Groups are iterated and locked one namespace at a time, keeping the
lock-contention window narrow. Groups that cannot be locked because
another task is running are deferred and retried once. Groups that
still fail are reported and remain at the source so they can be
retried individually with move-group.
When merging is enabled and a source group already exists in the
target, snapshots are merged provided ownership matches and source
snapshots are strictly newer.
An optional max-depth limits how many levels of child namespaces are
included, reusing the depth check already enforced by sync. When
delete-source is true (the default), empty source namespaces are
removed level-by-level. A namespace is left behind with a warning
when a group failed to move or a child was created concurrently, and
silently kept when children were explicitly excluded by max-depth.
A shared pre-flight helper validates the request both synchronously
from the API endpoint and again from the worker, so the fast-fail
and the authoritative check cannot drift.
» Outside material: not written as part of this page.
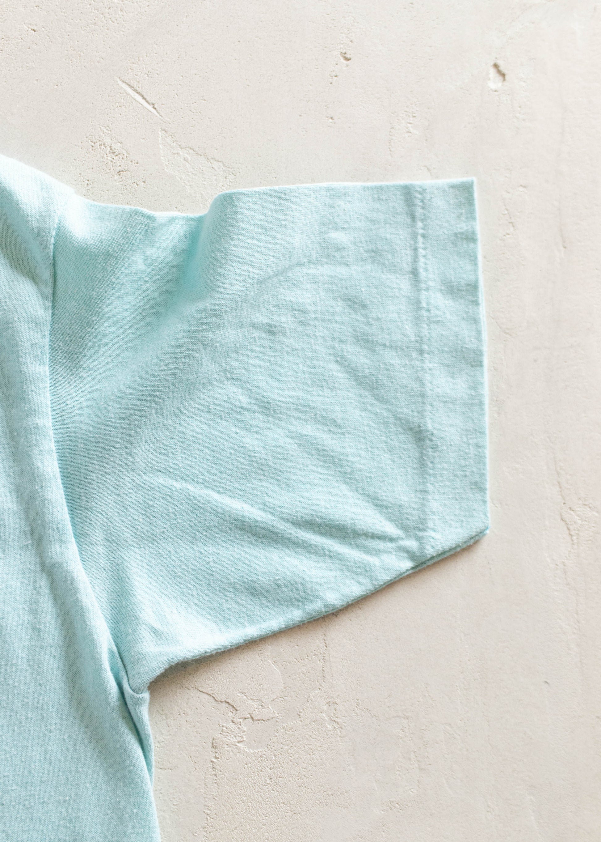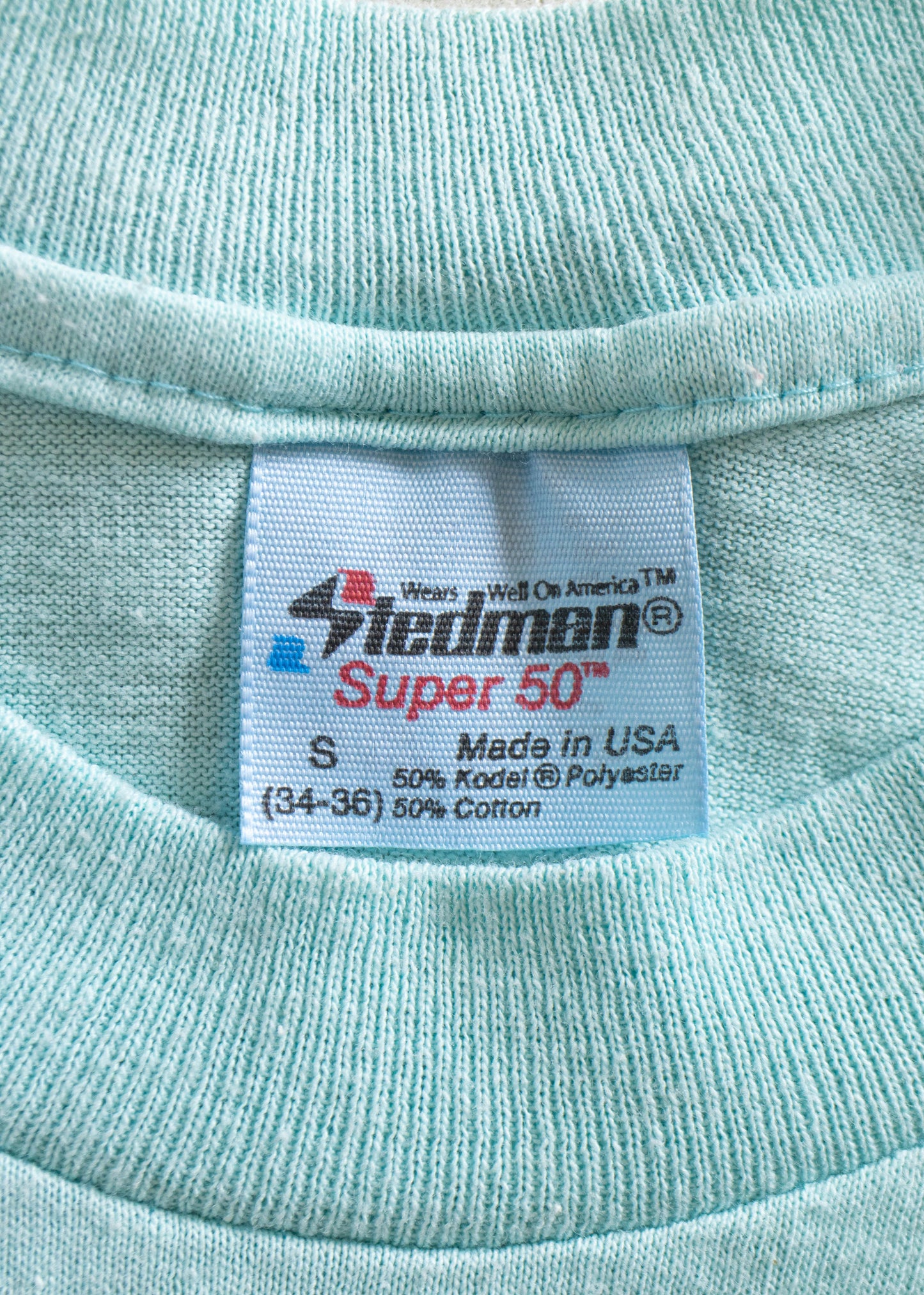50% Cotton / 50% Polyester. Single Stitch. Made in USA. Stedman brand.

Signed-off-by: Hannes Laimer <h.laimer@proxmox.com>
---
pbs-datastore/src/datastore.rs | 296 +++++++++++++++++++++++++++++++++
1 file changed, 296 insertions(+)
diff --git a/pbs-datastore/src/datastore.rs b/pbs-datastore/src/datastore.rs
index d215dd0d..292c56bf 100644
--- a/pbs-datastore/src/datastore.rs
+++ b/pbs-datastore/src/datastore.rs
@@ -1179,6 +1179,302 @@ impl DataStore {
Ok((removed_all_requested, stats))
}
+ /// Validate a namespace-move request without touching locks.
+ ///
+ /// Fast pre-flight check used by the API endpoint so we can fail synchronously before
+ /// spawning a worker. Re-run inside [`Self::move_namespace`] to close the TOCTOU gap between
+ /// the API-level pre-check and the worker; since there is no namespace lock, that re-run is
+ /// the authoritative gate for namespace-level invariants. Per-group authoritative checks
+ /// live in [`Self::lock_and_move_group`].
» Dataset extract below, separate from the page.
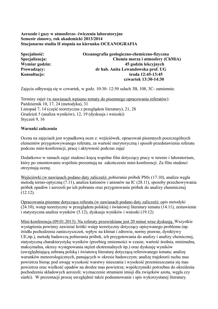 Aerozole i gazy w atmosferze- ćwiczenia laboratoryjne Semestr zimowy, rok akademicki 2013/2014 Stacjonarne studia II stopnia na kierunku OCEANOGRAFIA Specjalność: Specjalizacja: Wymiar godzin: Prowadzący: Konsultacje: Oceanografia geologiczno-chemiczno-fizyczna Chemia morza i atmosfery (ChMiA) 45 godzin lekcyjnych dr hab. Anita Lewandowska prof. UG środa 12:45-13:45 czwartek 13:30-14:30 Zajęcia odbywają się w czwartek, w godz. 10:30- 12:50 salach 3B, 108, 3C- zamiennie. Terminy zajęć (w nawiasach wpisano tematy do pisemnego opracowania referatów): Październik 10, 17, 24 (metodyka), 31 Listopad 7, 14 (część teoretyczna z przeglądem literatury), 21, 28 Grudzień 5 (analiza wyników), 12, 19 (dyskusja i wnioski) Styczeń 9, 16 Warunki zaliczenia Ocena na zajęciach jest wypadkową ocen z: wejściówek, opracowań pisemnych poszczególnych elementów przygotowywanego referatu, za wartość merytoryczną i sposób przedstawienia referatu podczas mini-konferencji, pracę i aktywność podczas zajęć Dodatkowo w ramach zajęć studenci kręcą wspólne film dotyczący pracy w terenie i laboratorium, który po zmontowaniu wspólnie prezentują na zakończenie mini-konferencji. Za film studenci otrzymują ocenę. Wejściówki (w nawiasach podano daty zaliczeń): pobieranie próbek PMx (17.10), analiza węgla metodą termo-optyczną (7.11), analiza kationów i anionów na IC (28.11), sposoby przechowywania próbek opadów i aerozoli po ich pobraniu oraz przygotowanie próbek do analizy chenmicznej (12.12). Opracowania pisemne dotycząca referatu (w nawiasach podano daty zaliczeń): opis metodyki (24.10), wstęp teoretyczny w przeglądem polskiej i światowej literatury tematu (14.11), zestawienie i statystyczna analiza wyników (5.12), dyskusja wyników i wnioski (19.12) Mini-konferencja (09.01.2013): Na referaty przewidziane jest 20 minut wraz dyskusją. Wszystkie wystąpienia powinny zawierać krótki wstęp teoretyczny dotyczący opisywanego problemu (np. źródła pochodzenia zanieczyszczeń, wpływ na klimat i zdrowie, normy prawne, dyrektywy UE,itp.), metodę badawczą pobierania próbek, ich przygotowania do analizy i analizy chemicznej, statystyczną charakterystykę wyników (przebieg zmienności w czasie, wartość średnia, minimalna, maksymalna, okresy występowania stężeń ekstremalnych itp.) oraz dyskusję wyników (uwzględniającą zebraną polską i światową literaturę dotyczącą referowanego tematu; analizę warunków meteorologicznych, panujących w okresie badawczym; analizę trajektorii ruchu mas powietrza biorąc pod uwagę wysokość warstwy mieszania i wysokość przemieszczania się mas powietrza oraz wielkość opadów na drodze mas powietrza; współczynniki potrzebne do określenia pochodzenia składowych aerozoli; wyznaczenie strumieni imisji dla związków azotu, węgla czy siarki). W prezentacji proszę uwzględnić także podsumowanie i spis wykorzystanej literatury. Harmonogram i tematy realizowane podczas zajęć: Nr zajęć 1 Terminy zajęć 10.10.2013 2 17.10 24.10-14.11 3-6 24.10, 31.10, 7.11, 14.11 7-9 21.11, 28.11, 5.12 10-11 12.12, 19.12 12-13 9.01, 16.01.2013 Zakres zajęć Zajęcia wstępne, ustalenie czasu zajęć, pobierania próbek, zasady oceniania, wybór tematów prezentacji i artykułów, omówienie prezentacji na mini-konferencję oraz filmu z zajęć, Przygotowanie zestawu PMTOT, PM10 oraz PM1/PM2,5, przygotowanie zestawu do pobierania i przechowywania próbek wody oraz opadów; sprawdzenie pH metru, elektrody, salinometru; analiza chlorofilu-a z sezonu letniego; analiza węgla w PMTOT z sezonu letniego; stworzenie bazy danych i statystyczne opracowanie danych z sezonu letniego (PM1-PMTPT, zawiesina); zaplanowanie pracy podczas eksperymentu jesiennego. Analiza węgla z eksperymentu letniego (PM10); ważenie sączków na zawiesinę (GF/F), ważenie sączków na PM10 oraz PMTOT (kwarcowe); przygotowanie butelek do pobierania wody morskiej i opadów; przygotowanie krzywej wzorcowej do analizy kationów; przygotowanie próbek z eksperymentu letniego do analizy kationów (wycinanie fragmentów sączka); uzupełnienie bazy danych i statystyczne opracowanie danych z sezonu letniego (PM1-PMTPT, zawiesina, chlorofil); wyznaczenie trajektorii z eksperymentu letniego i opracowanie danych meteorologicznych (1szy tydzień eksperymentu); dopracowanie eksperymentu jesiennego (*) Pobieranie próbek wody morskiej na chlorofil-a, DOC, TOC, OC, EC, zawiesinę (mikrowarstwa i woda podpowierzchniowa), opadów i aerozoli (PM1, PM2,5, PM10, PMTOT), pomiar T, S wody morskiej, pomiary meteorologiczne Analiza węgla z eksperymentu letniego (PM10, PM2,5); przygotowanie próbek z eksperymentu letniego do analizy kationów c.d. (zalewanie próbek milli-Q, ekstrakcja w łaźni ultradźwiękowej, sączenie próbek, analiza chromatograficzna); wyznaczenie trajektorii z eksperymentu letniego i opracowanie danych meteorologicznych (2-gi tydzień eksperymentu); opracowanie danych CO 2 z eksperymentu letniego, przegląd literatury przedmiotu dotyczącej prezentacji wygłaszanych podczas mini-konferencji (*) Analiza węgla z eksperymentu letniego (PM2,5.; PM1); przygotowanie krzywej wzorcowej do analizy anionów; przygotowanie próbek eksperymentu letniego na aniony (wycinanie fragmentów sączka, zalewanie próbek milli-Q, ekstrakcja w łaźni ultradźwiękowej, sączenie próbek, analiza chromatograficzna); wyznaczenie trajektorii z eksperymentu letniego i opracowanie danych meteorologicznych (3-gi tydzień eksperymentu); Statystyczne opracowanie wyników uzyskanych podczas eksperymentu letniego i wykorzystywanych do prezentacji na mini-konferencji (*). Analiza węgla z eksperymentu letniego (PM1) (*); dyskusja wyników uzyskanych podczas sezonu letniego i wykorzystywanych do prezentacji na mini-konferencji; omówienie problemów związanych z prezentacjami studentów; stworzenie bazy danych i statystyczne opracowanie wyników uzyskanych podczas eksperymentu

+ pub fn check_move_namespace(
+ self: &Arc<Self>,
+ source_ns: &BackupNamespace,
+ target_ns: &BackupNamespace,
+ ) -> Result<(), Error> {
+ if source_ns.is_root() {
+ bail!("cannot move root namespace");
+ }
+ if source_ns == target_ns {
+ bail!("source and target namespace must be different");
+ }
+ if !self.namespace_exists(source_ns) {
+ bail!("source namespace '{source_ns}' does not exist");
+ }
+ let target_parent = target_ns.parent();
+ if !target_ns.is_root() && !self.namespace_exists(&target_parent) {
+ bail!("target parent namespace '{target_parent}' does not exist");
+ }
+ if source_ns.contains(target_ns).is_some() {
+ bail!(
+ "cannot move namespace '{source_ns}' into its own subtree (target: '{target_ns}')"
+ );
+ }
+ Ok(())
+ }
+
+ /// Move a backup namespace (including all child namespaces and groups) to a new location.
+ ///
+ /// Groups are moved one at a time. For each group, exclusive locks on the group and all its
+ /// snapshots (locked and moved in batches) ensure no concurrent operations are active. Groups
+ /// that cannot be locked (because a backup, verify, or other task is running) are deferred and
+ /// retried once, then reported in the error.
+ ///
+ /// If the target namespace already exists, groups are moved into it. Groups that fail (lock
+ /// conflict, merge invariant violation, or I/O error) are skipped and reported at the end -
+ /// they remain at the source and can be retried individually.
+ ///
+ /// `max_depth` limits how many levels of child namespaces below `source_ns` are included.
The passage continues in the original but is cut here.